I asked them what advice they would give to people seeking to build triads that weather the years of life, and they echoed what most polyamorous veterans would say: communicate, be patient, have realistic expectations, and be vulnerable. Shallena had a message especially for “wives” in triads: relinquish some of the control and enjoy the relationship that they are building with their new partner as well as the one that is being built between that partner and her spouse. “You’re building an entirely new relationship, not just adding on to the existing one,” she says. This was a personal struggle of mine during my own triad so I could definitely agree with her admonishment. “Believe that your relationship with them is special and has value,” Sonya advises.

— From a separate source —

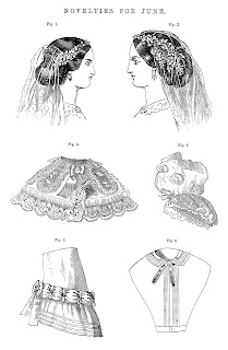 These are spectacular Victorian dresses in this piece of antique clip art! This is an 1859 Godey's Fashion Plate illustration of four very lovely dresses. All these ladies look as if they're dressed for going out walking, especially since their dresses are particularly lovely and they're wearing pretty fischus on their heads. Why red flowers and an umbrella are strewn on the ground, I don't know why, but I can imagine that the woman in the brown dress had received them from a suitor; however, he sent them to her as an apology for some unintended social faux pas, and she has seen fit not to forgive him, thus definitively throwing them on the ground, along with her umbrella, in her defiance. Her calm and collected friends look pleased with her decision. Well, I can imagine that's what happened. Why else would such beautiful flowers be in a heap on the ground? Oh, my imagination! Haha! I hope you enjoy!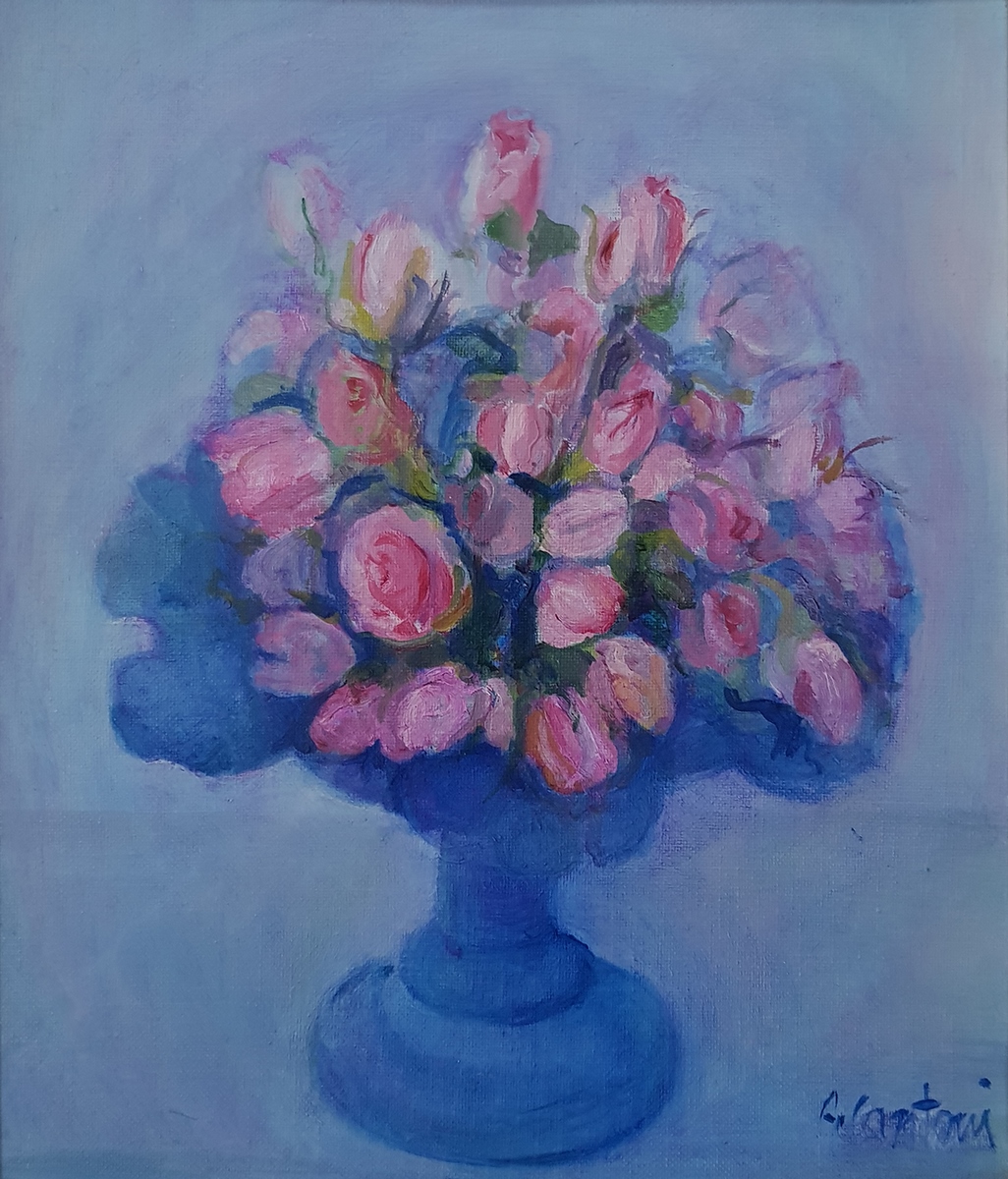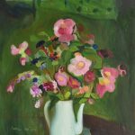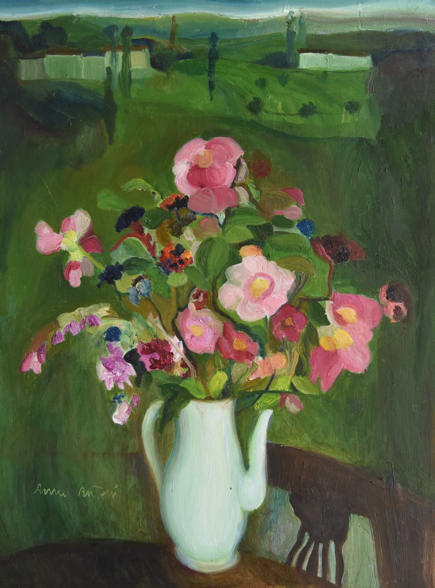 Il percorso si apre con una stampa in cui, orgogliosamente, l’artista annota una frase di Giorgio Morandi riferita a quest’opera, a testimoniare il debito di riconoscenza verso il suo primo, grande maestro. Negli oli e negli acquerelli invece si riconosce l’impronta dell’altro, importante, maestro: Virgilio Guidi, da cui mutua il gusto per il colore e la luce. I fiori, le nature morte, alcuni scorci del centro storico, colti nella cromia vivace di una giornata estiva o nella malinconica bellezza di una nevicata, alludono ad un lessico familiare che risuona non solo nella sua poetica, ma anche nel sentire di tanti suoi estimatori che riconoscevano in quella pittura il proprio mondo. Interni domestici dunque, e paesaggi d’affezione delicati, elegantemente borghesi ma senza essere stereotipati; l’artista anzi cerca una via sempre più sintetica, che attraverso l’acquerello raggiunge la perfetta interpretazione stilistica.

As we laughed and talked, I was struck by how “normal” it all was. They were just a family in the middle of the evening routine: putting laundry away, dealing with the children, working together. It made me nostalgic myself for the family that I had once created. What I saw was simply people that loved each other that had decided to link themselves to one another and go through life together. Not much different from what people search for in monogamy, huh?

I want to thank the Everitt family for talking with me and for giving us a glimpse of a poly “Happily Ever After.” I’m also thankful for the opportunity to write this. Black love, abundant black love, in all the forms it comes in, is a beautiful thing.